*** Records for the task Section Begins ***

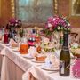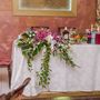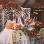 Оформление зала Белый Декоративная табличка Задник Оранжевый Роза Бордовый Каллы Президиум для молодоженов Скатерть Бежевый Драпировка тканью Розовый
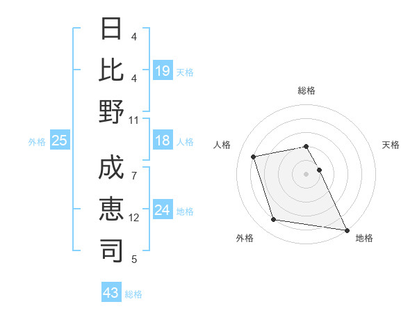 日比野 成恵司さんの総格は43画の2点!
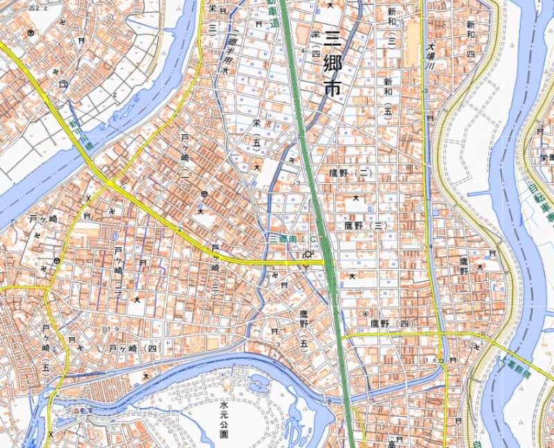 停電が発生している三郷市鷹野、戸ケ崎地区周辺(国土地理院HPから)
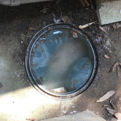 岡山市南区福富東のお客様から「グリストラップから水が溢れる」とのご依頼を頂きました。 先ずは現地へお伺いして状況の確認です。 排水詰まりで水が流れず溜まっている状態でした。 配水管の距離がトーラーを全部入れても桝に届かな
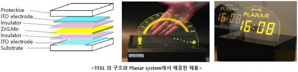 이밖에도 투명TFEL(Thin-Film Electro-Luminescence) 방식도 존재한다. 무기 형광체 내에 전자가 빠르게 지나가며 빛을 내는 원리다. 투명전극과 무기 형광체 사이에 절연막으로 구성된 간단한 구조(사진)를 택하고 있다.
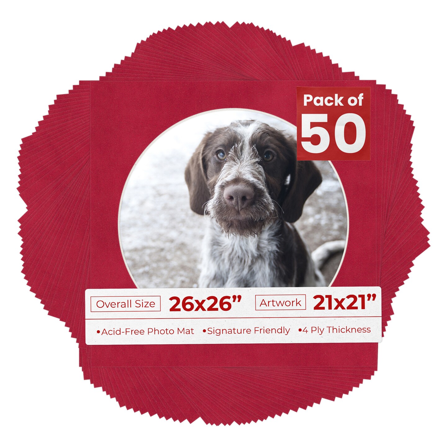 Red Suede Mat Board for 26x26 Frames - Circle Opening for 21x21 Photos
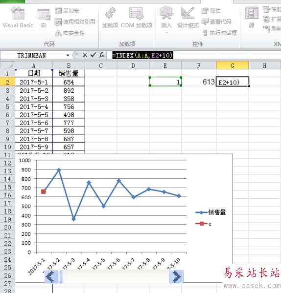 excel怎么制作隨著滾動條變化的動態圖表?
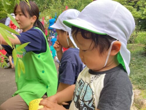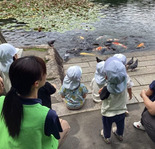 短冊を飾り終え、鯉やカモがいる池までお散歩しました♪
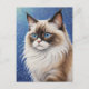 En verklighetstrogen målning av en majestät Ragdoll-katt med levande blå ögon. Perfekt för elegant av väggkonst, gåvor och tillbehör till kattentusiaster.
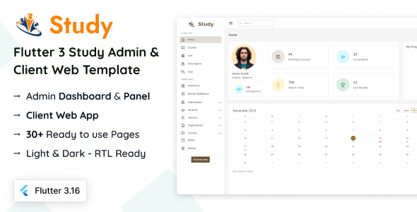 For educational technology applications, the Study dashboard template offers a stunning and effective way to manage online courses. This template allows for ease of tracking progress and delivering content to students and clients efficiently.
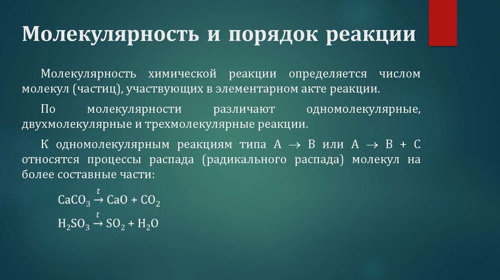Молекулярность химической реакции определяется числоммолекул (частиц), участвующих в элементарном акте реакции.
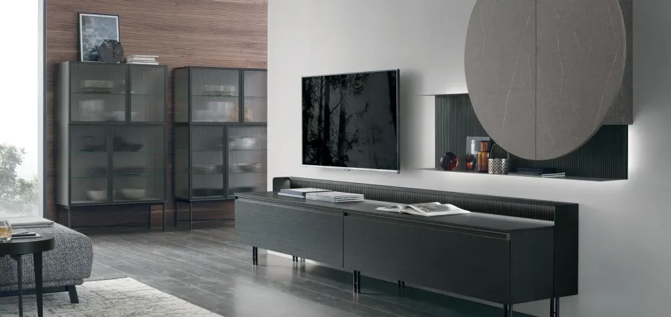 Un elemento distintivo rispetto alla linearità della composizione è il pensile DOT, realizzato in materico calce scura. Il suo design circolare, dietro cui si trova uno spazio contenitivo arricchisce il living con una modulo funzionale e decorativo che richiama la pienezza della luna, sia nella sua forma che nella matericità.
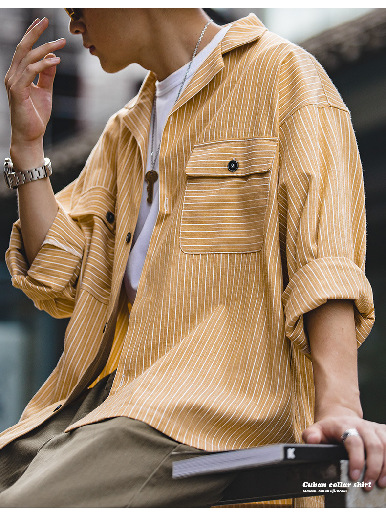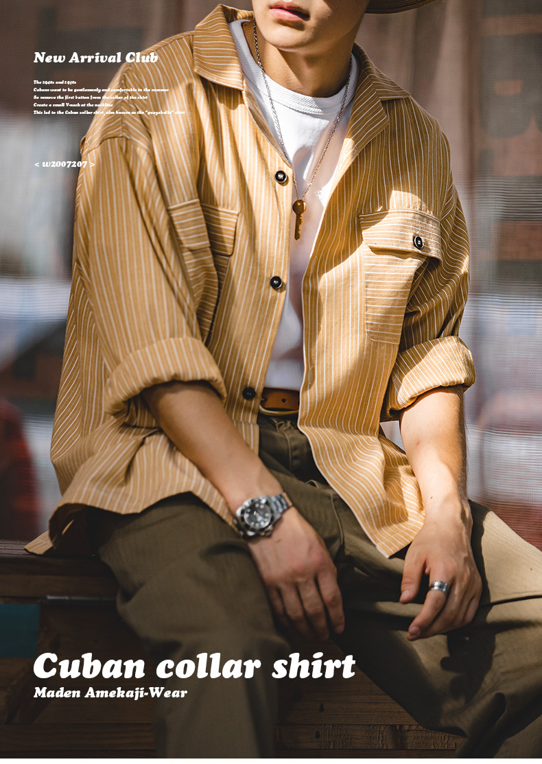 開襟シャツ メンズ ストライプシャツ ゆったり アメカジ 休日スタイル 長袖シャツ シャツジャケット 羽織り 男性 トップス ダブルポケット
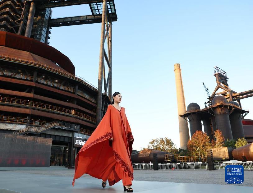 9月1日,模特在北京首鋼園展示知名時裝設計師房瑩設計的時裝。
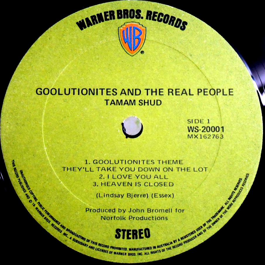 TAMAM SHUD – GOOLUTIONITES AND THE REAL PEOPLE-1970-AUSTRALIA FIRST PRESS-WARNER BROS number WS-20001. Mega rare second album by Australian progressive geniuses. Australian prog-psychedelic, innovative rock band.Formed in Newcastle in 1964. Released two albums. Reunited in 2005.
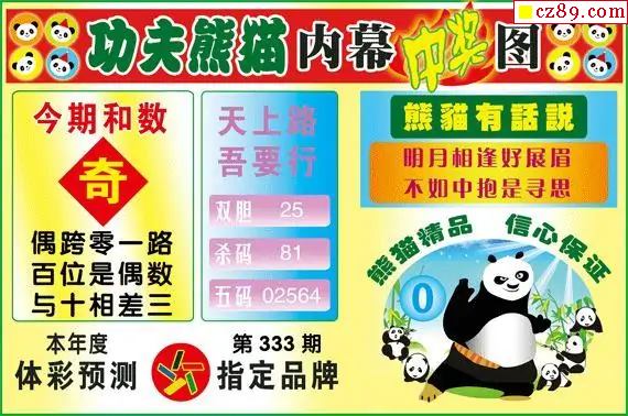 体彩P325年图迷333期 功夫熊猫内幕中奖图
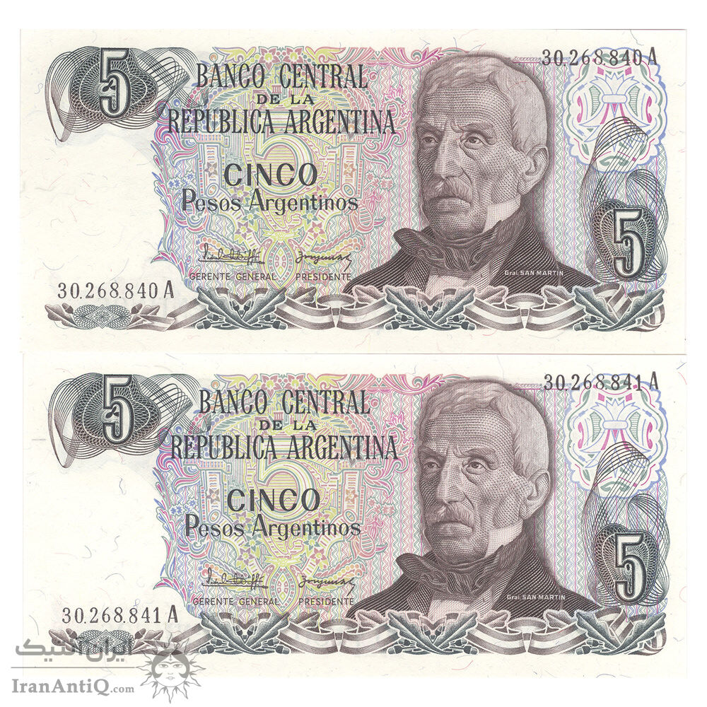 اسکناس 5 پزو بدون تاریخ (1983-1984) جمهوری فدرال - PCL, JCGS - جفت - UNC65 - آرژانتین
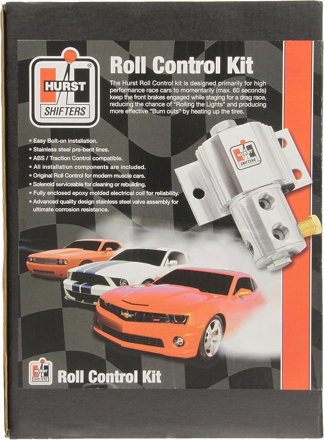 Hurst roll control solenoid is used primarily in drag racing to lock the front wheels to ensure a consistent burnout.
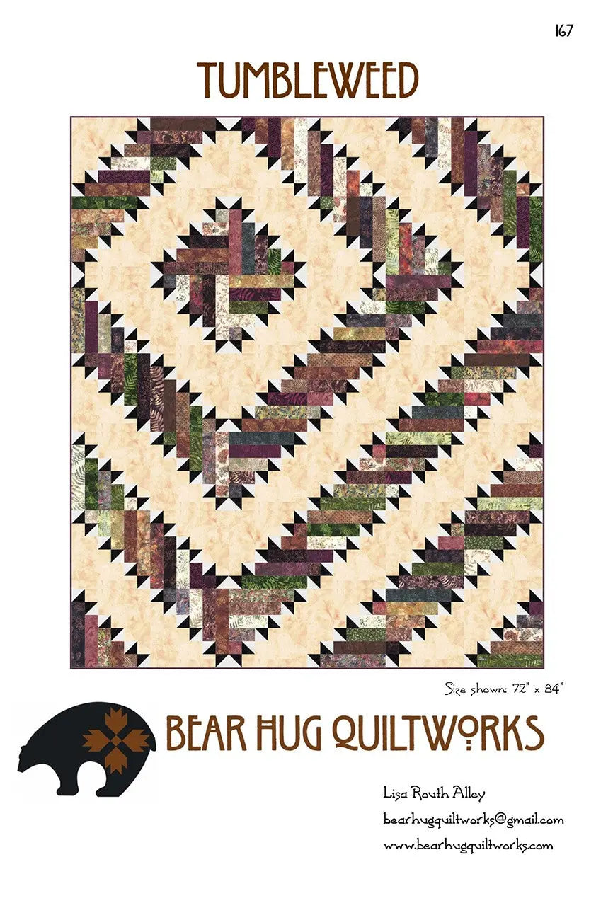 Beginner friendly quilt that uses pre-cut strips such as Hoffman Bali Pops. Pattern includes instructions for five sizes from crib to king size.
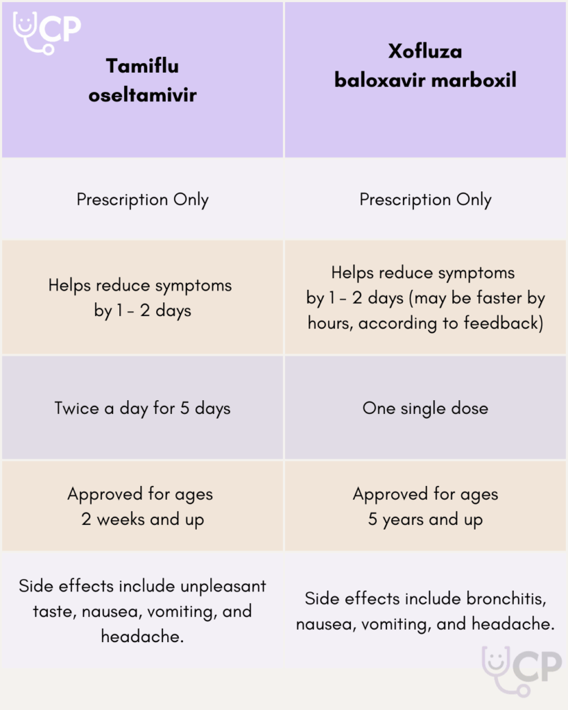 The flu is a virus, so antibiotics will not help you recover, as those are targeted to treat bacteria. However, some people may want to opt for a prescription anti-viral treatment, like oseltamivir (i.e.; Tamiflu) or baloxavir marboxil (i.e.; Xofluza). These medications are most effective when taken within 48 hours of symptom onset. Some of the drawbacks of these medications include reported unpleasant side effects, like a strong, bitter taste, nausea, vomiting, and sometimes confusion or bronchitis. For this reason, the drugs are usually recommended for immunocompromised individuals, and those under age 5 or over age 65. The benefit is that these drugs may reduce the duration of your symptoms when taken right away. Discuss the pros and cons with your healthcare provider so you can make the decision that’s best for your family!
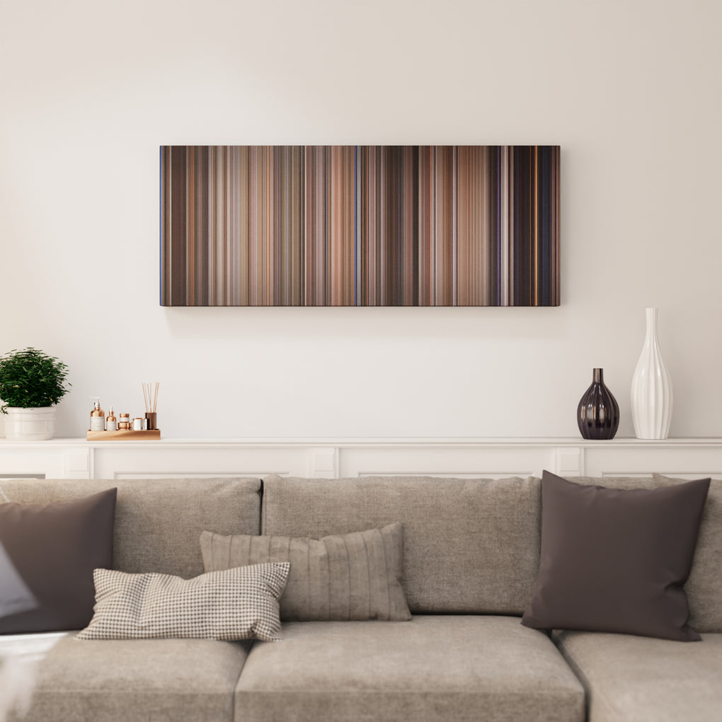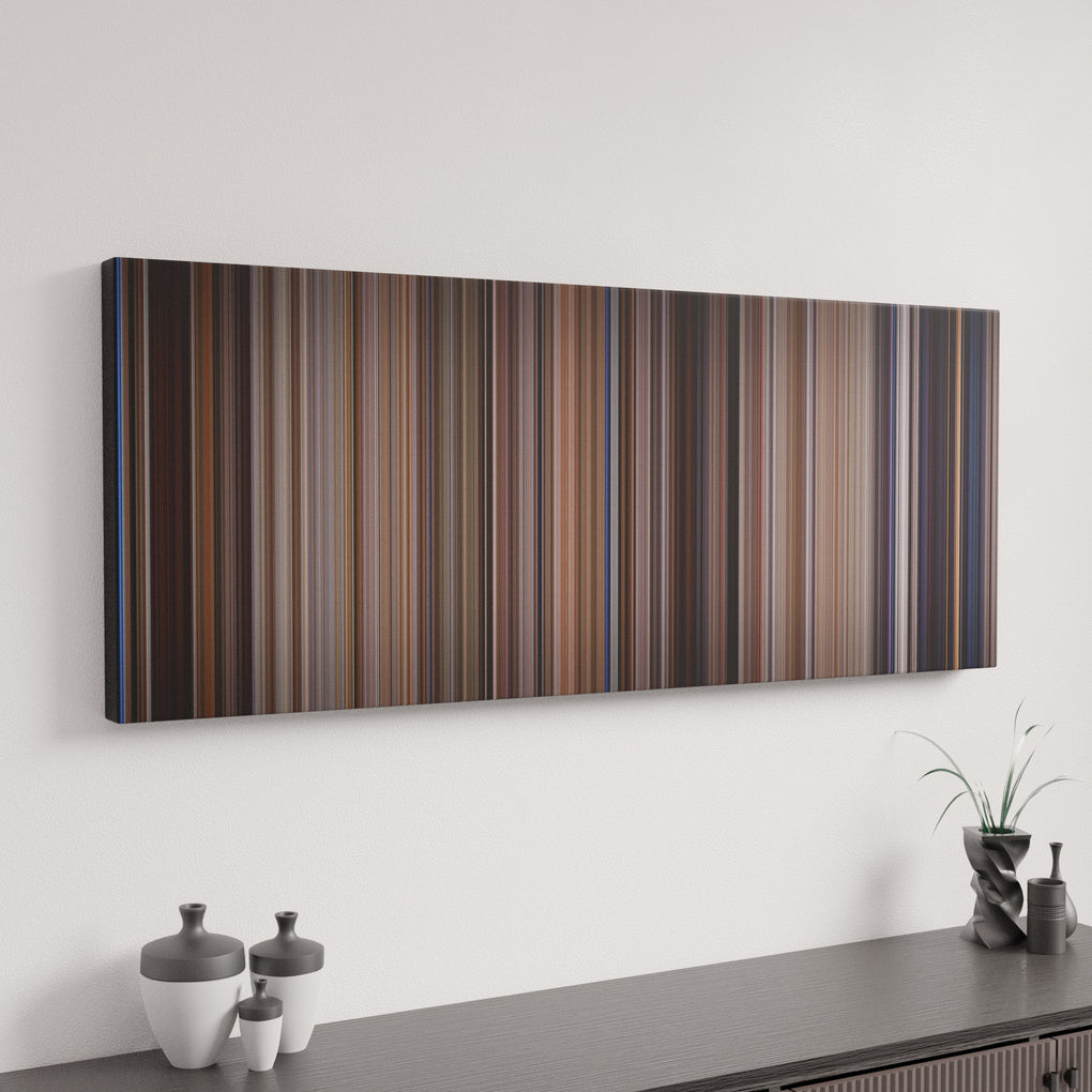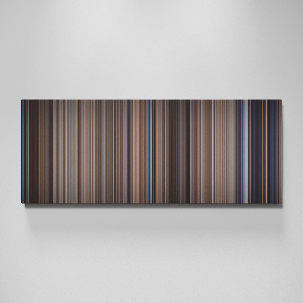 Presenting the ultimate treat for lovers of movies. For the first time ever, we’ve mapped out on canvas the entire DNA from start to finish. Every vertical stripe represents a scene with the color taken as the average of all the frames within that scene.
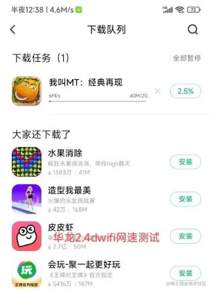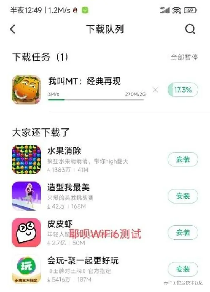 可以看见同位置WiFi6耶呗居然被华龙打下去,让我太惊讶了,华龙基本顶着2.4gwifi最高速率跑的,而耶呗WiFi6只有华龙一半的速度,真的吓了我一跳
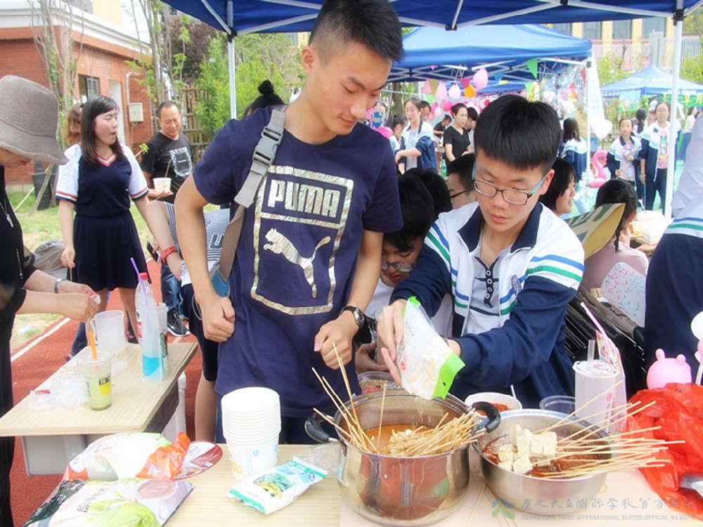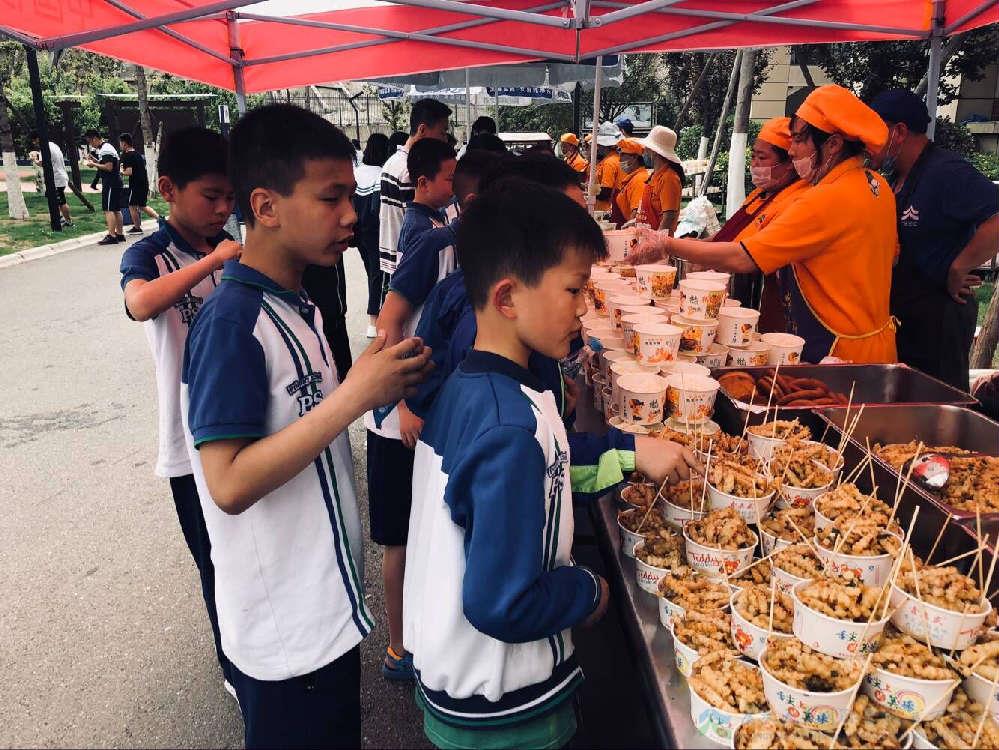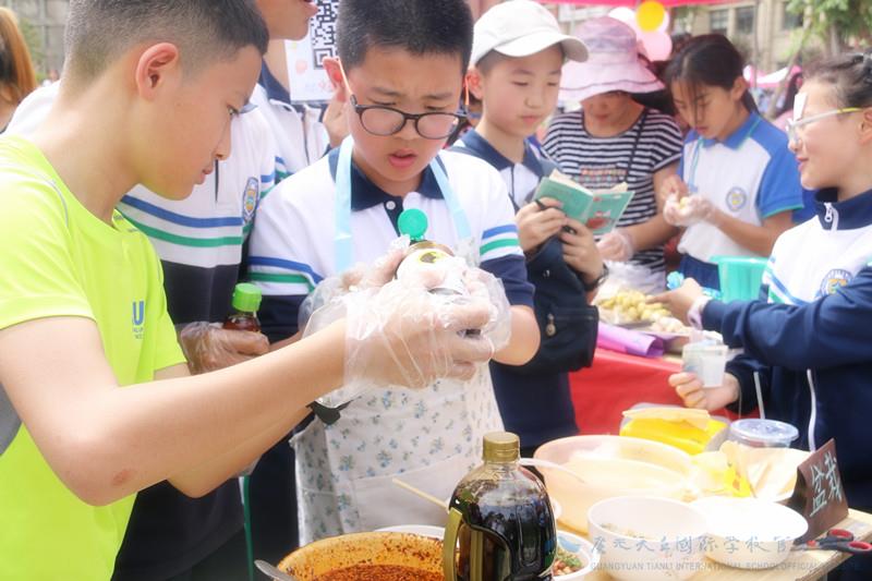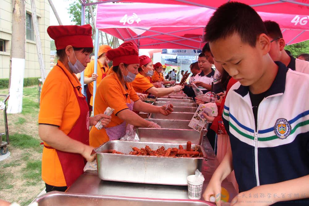 天立的美食是出了名的好吃。在美食一条街,食堂师傅们精心制作和提供的食品目不暇接、供不应求,总是能最大程度地激发路过者的味蕾。蒜苔香肠炒饭、孜然鱿鱼串、烧烤大串串、飘香猪蹄尖、叫花排骨、卤水凤爪、卤水鹅掌、麻辣鸭脖、香酥鸡腿、绵阳米粉、酸辣粉、蒜泥凉面、农家豆花、肉夹馍、披萨、大葱鲜肉包……色香味形俱佳的特色小吃,令人垂涎欲滴。当各个店铺的商品渐渐销售一空,游园的奖票也已发放完毕,今天的活动也接近尾声。孩子们细数着今天的劳动所得,计算着本班“店铺”的盈亏,细细品味着自己用劳动和智慧换来的美食,愉悦的享受盖过了之前的辛劳和下午的疲惫,更让他们明白了“劳动创造财富”、“奋进的青春最美丽”、“幸福是奋斗出来的”人生哲理。晚上六点,带着满足与不舍散场,同学们期待着明年的理财节再次火热来袭!

*** Records for the task Section Ends ***

→ **Exercise instructions**
Leave the pictures out. Output, exactly, the lines of the material above starting at the line containing "excel怎么制作隨著滾動條變化的動態圖表?" and ending at the line containing "9月1日,模特在北京首鋼園展示知名時裝設計師房瑩設計的時裝。".

→ **Answer to the problem**
 excel怎么制作隨著滾動條變化的動態圖表?
 短冊を飾り終え、鯉やカモがいる池までお散歩しました♪
 En verklighetstrogen målning av en majestät Ragdoll-katt med levande blå ögon. Perfekt för elegant av väggkonst, gåvor och tillbehör till kattentusiaster.
 For educational technology applications, the Study dashboard template offers a stunning and effective way to manage online courses. This template allows for ease of tracking progress and delivering content to students and clients efficiently.
Молекулярность химической реакции определяется числоммолекул (частиц), участвующих в элементарном акте реакции.
 Un elemento distintivo rispetto alla linearità della composizione è il pensile DOT, realizzato in materico calce scura. Il suo design circolare, dietro cui si trova uno spazio contenitivo arricchisce il living con una modulo funzionale e decorativo che richiama la pienezza della luna, sia nella sua forma che nella matericità.
 開襟シャツ メンズ ストライプシャツ ゆったり アメカジ 休日スタイル 長袖シャツ シャツジャケット 羽織り 男性 トップス ダブルポケット
 9月1日,模特在北京首鋼園展示知名時裝設計師房瑩設計的時裝。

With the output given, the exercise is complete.